Activity:
Transcribe exactly, and only, the lines from the one containing "La tomaia in" through the end of the entries below, leaving the pictures out.

[Extracted data entries]
______
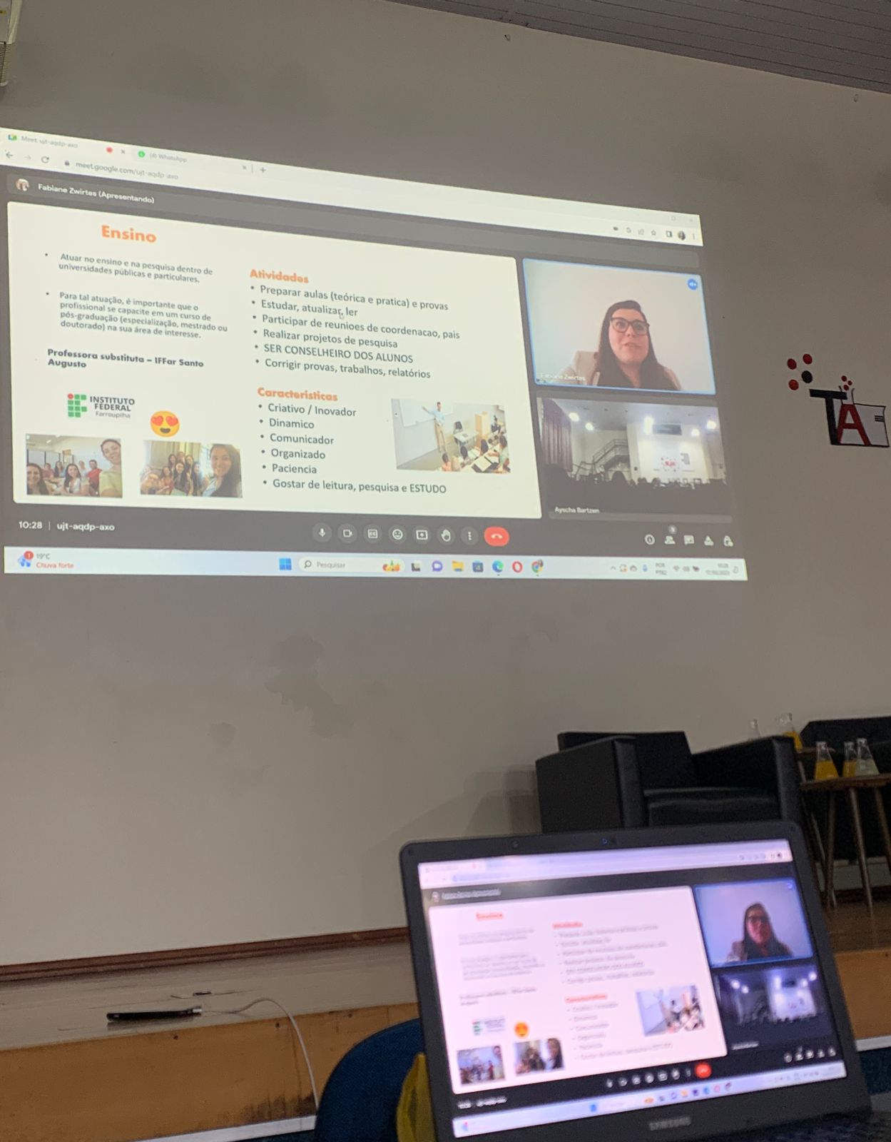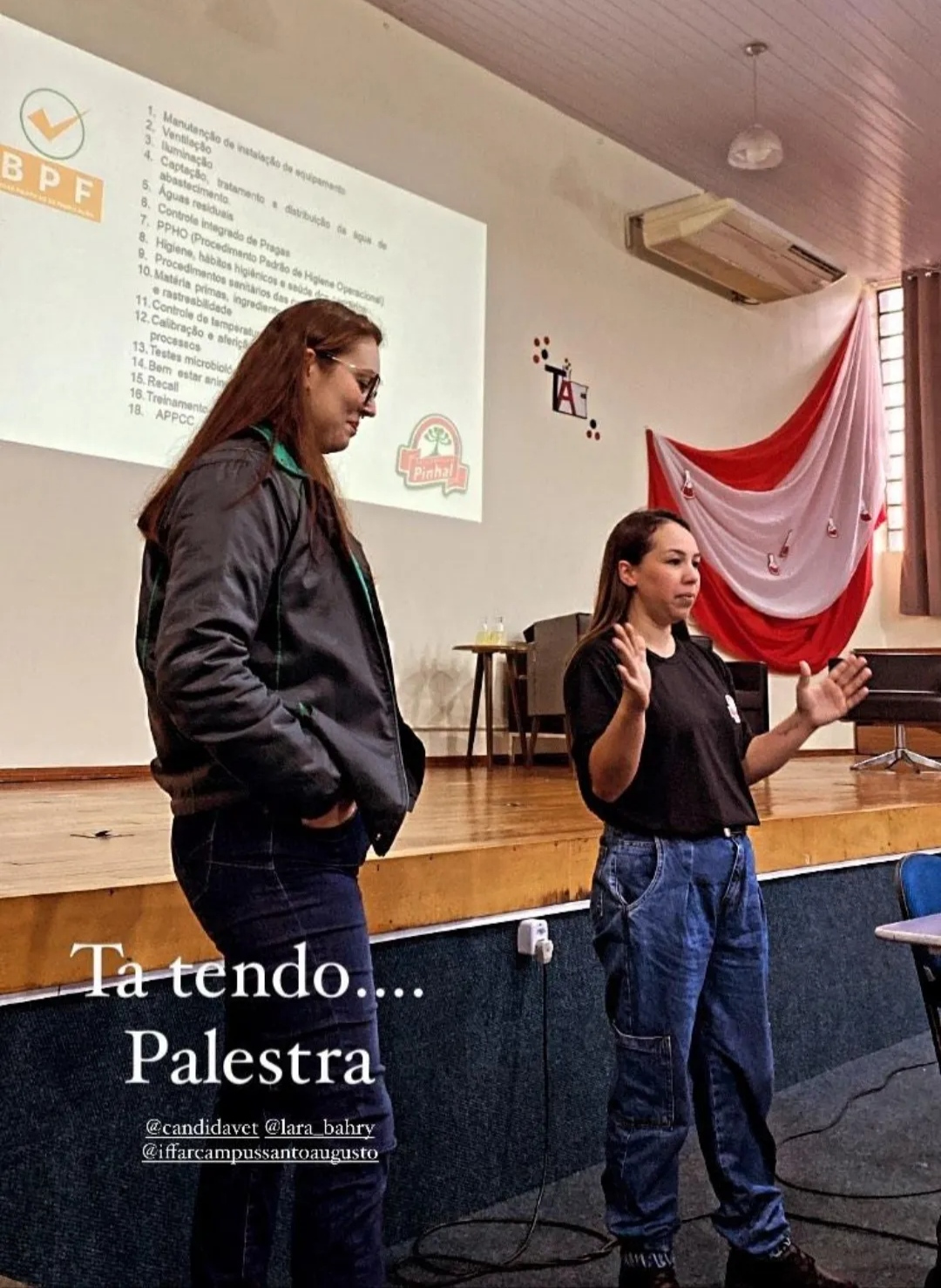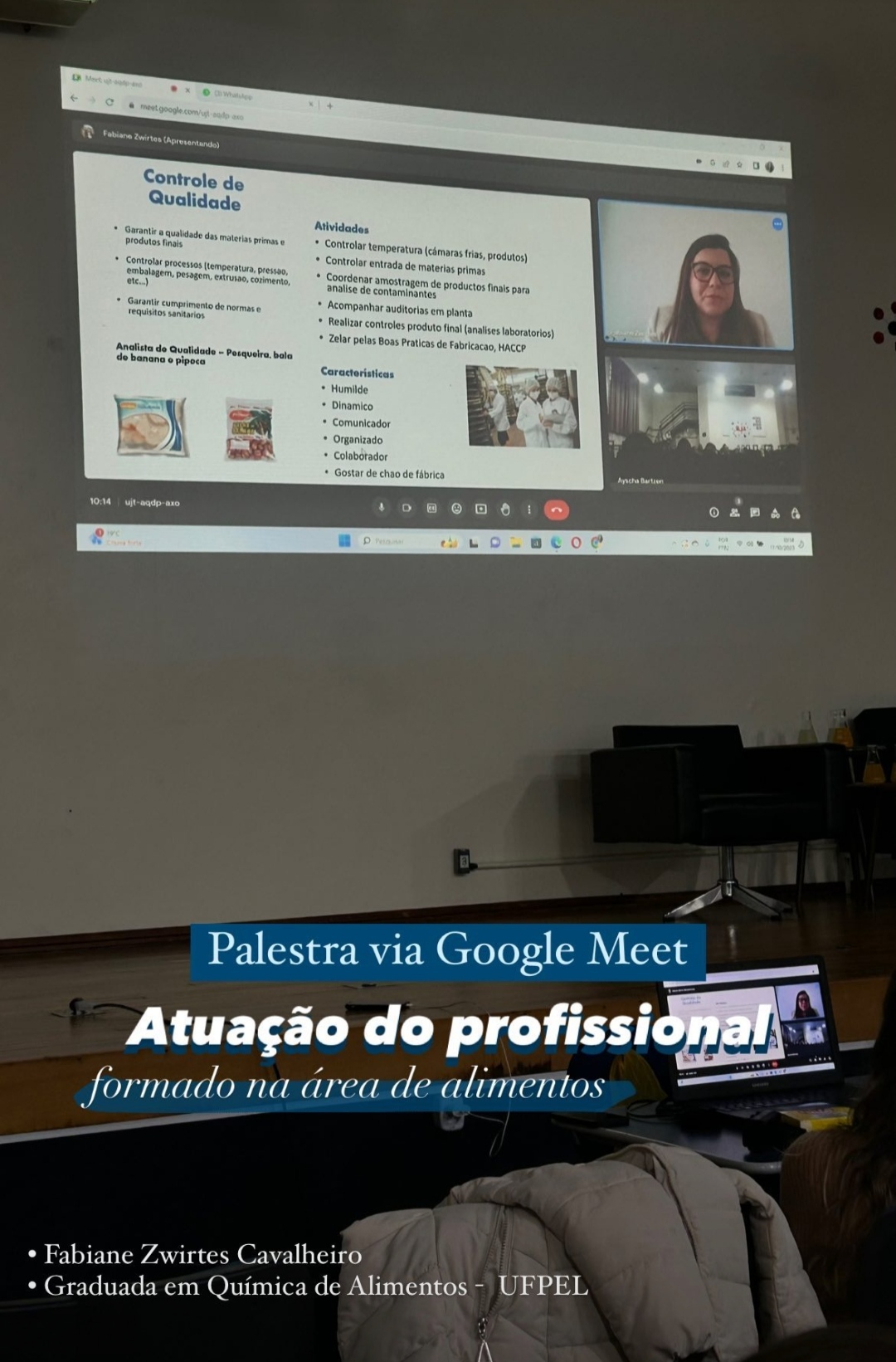 Na quarta-feira, dia 18, às 8h, foi realizada a palestra sobre “Controle de Qualidade”, com a supervisora do Frigorífico Pinhal de Santo Augusto, Daniela Oliveira Salvati, com a responsável pelo controle de qualidade, Lara Bahry e com a RT da empresa, a médica veterinária Cândida Lodi Faccio. Na sequência, às 9h50, foi realizada a palestra por webconferencia sobre “Atuação do profissional formado na área de alimentos”, com a professora Drª. Fabiana Zwirtes.
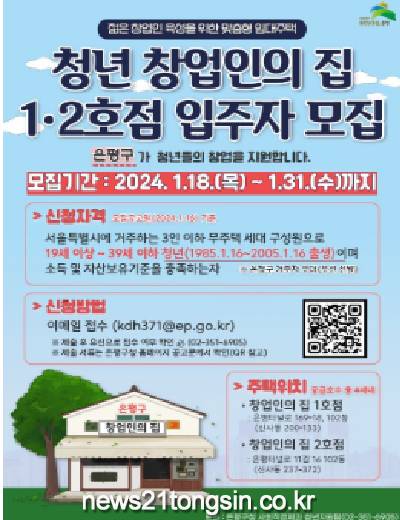 서울 은평구가 오는 31일까지 청년 창업인 육성과 창업 성장 근거 조성을 위한 맞춤형 공공임대주택 '청년 창업인의 집' 입주자를 모은다.
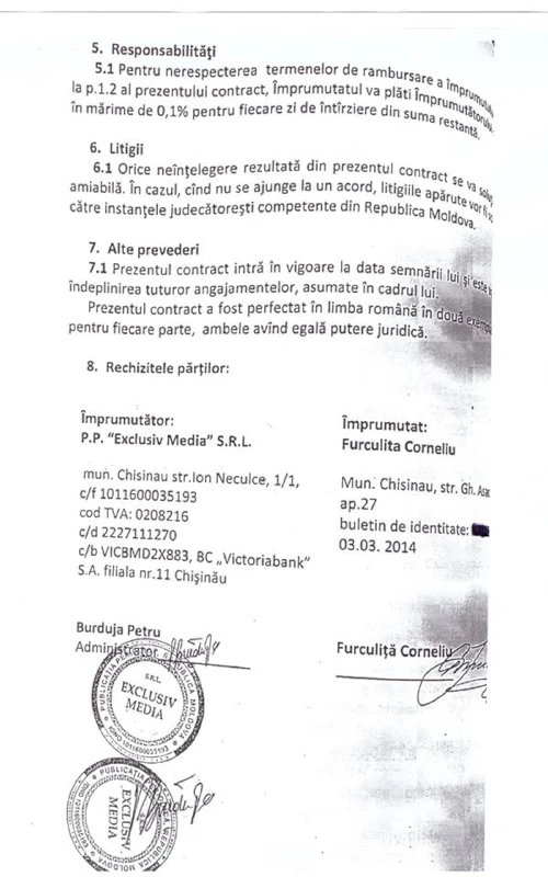 - contractul de împrumut nr.25/28 din 28.04.2016 a sumei de 500 000 lei între „Exclusiv Media” SRL
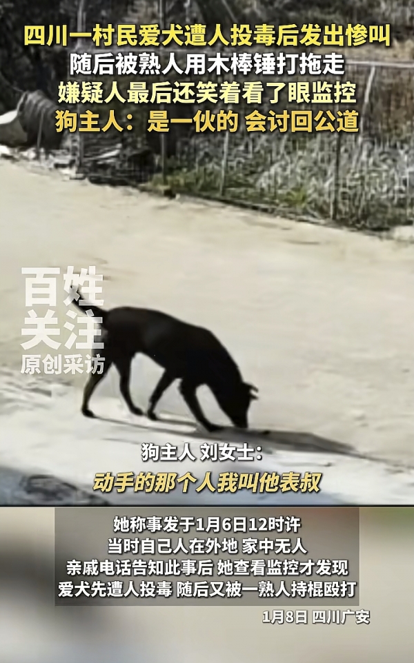 1月8日,四川广安的刘女士向媒体反映,自己养了一年多,40斤重的中华田园犬黑儿,被人投毒后又用粗棍打晕后强行拖走。
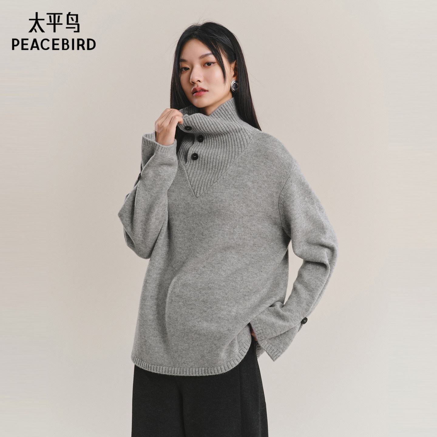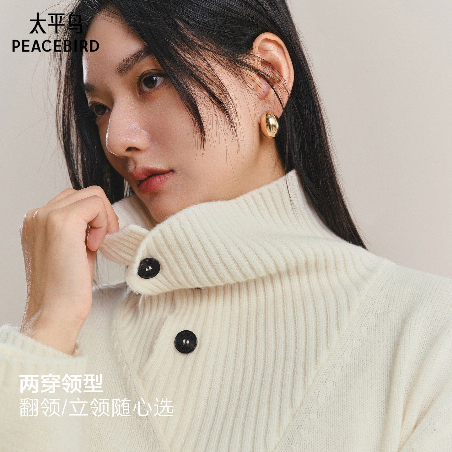 【商场同款】太平鸟 冬新款羊绒混纺竖排扣多领型针织衫A1EEF4443
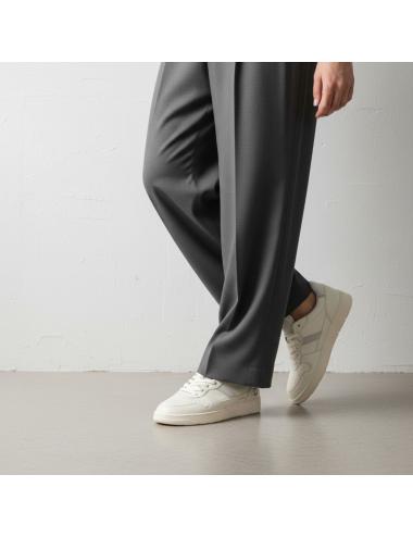 La tomaia in nappa color bianco panna è costruita con pannellature pulite e micro-forature sulla punta per una migliore traspirabilità. La label D.A.T.E. impressa sulla linguetta e il logo quadrato laterale definiscono l’identità del brand con un look sobrio e premium. Il talloncino posteriore in pelle craquelé bianca aggiunge una texture distintiva senza rompere il total look.
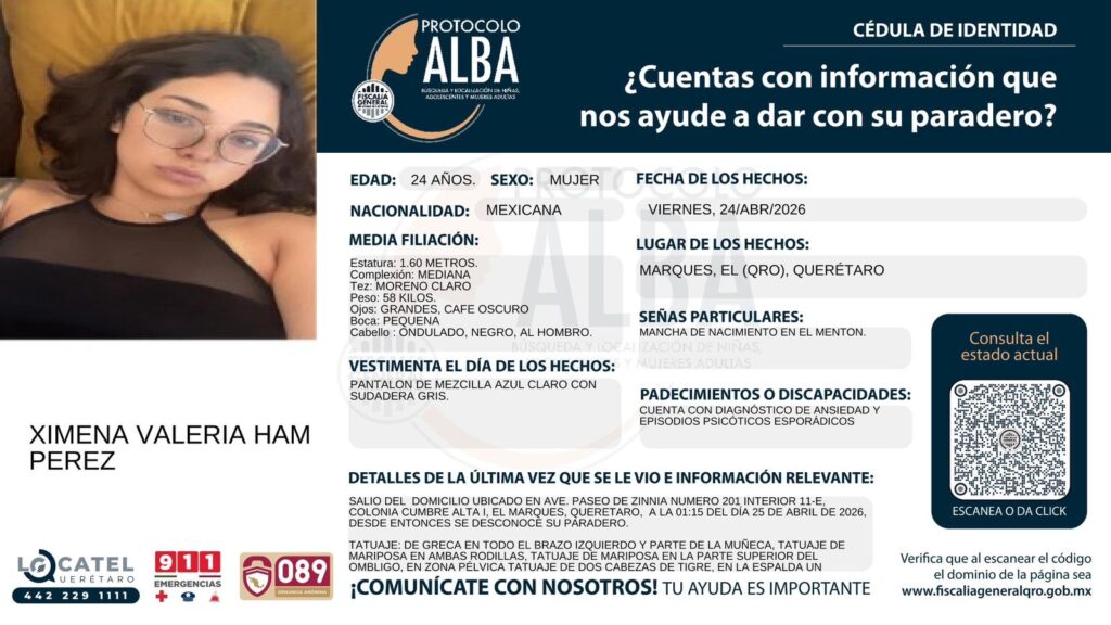 PROTOCOLOALBA|buscan a Jimena Valeriano Ham Pérez
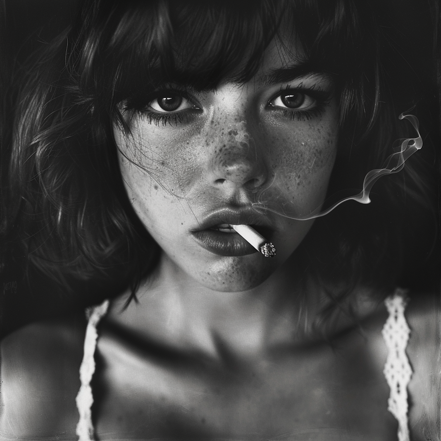 Black and white portrait of a freckled woman with a cigarette, intense gaze, and lace top, creating a dramatic and moody atmosphere.
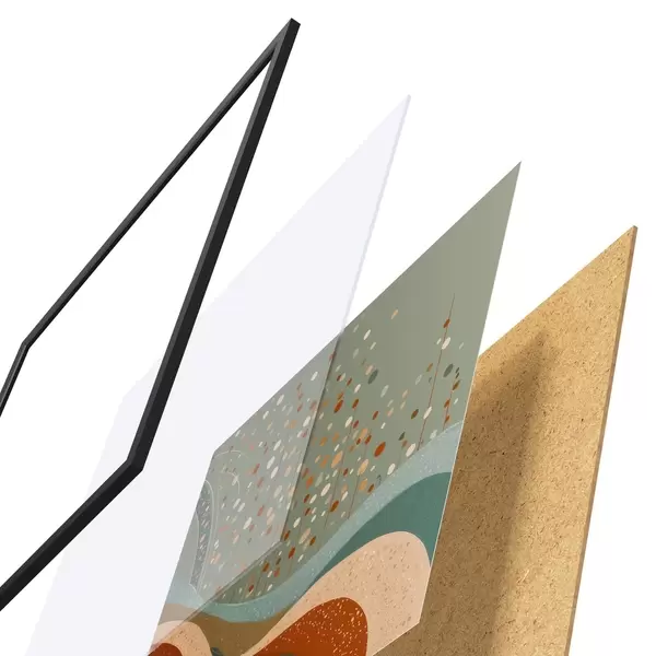 Plakatą sudaro rėmas, pleksiklas, atspausdintas vaizdas ir medžio drožlių plokštės pagrindas. Plakatą galima iš karto pakabinti ant sienos dėl kitoje pusėje esančių laikiklių.
______
Output:
 La tomaia in nappa color bianco panna è costruita con pannellature pulite e micro-forature sulla punta per una migliore traspirabilità. La label D.A.T.E. impressa sulla linguetta e il logo quadrato laterale definiscono l’identità del brand con un look sobrio e premium. Il talloncino posteriore in pelle craquelé bianca aggiunge una texture distintiva senza rompere il total look.
 PROTOCOLOALBA|buscan a Jimena Valeriano Ham Pérez
 Black and white portrait of a freckled woman with a cigarette, intense gaze, and lace top, creating a dramatic and moody atmosphere.
 Plakatą sudaro rėmas, pleksiklas, atspausdintas vaizdas ir medžio drožlių plokštės pagrindas. Plakatą galima iš karto pakabinti ant sienos dėl kitoje pusėje esančių laikiklių.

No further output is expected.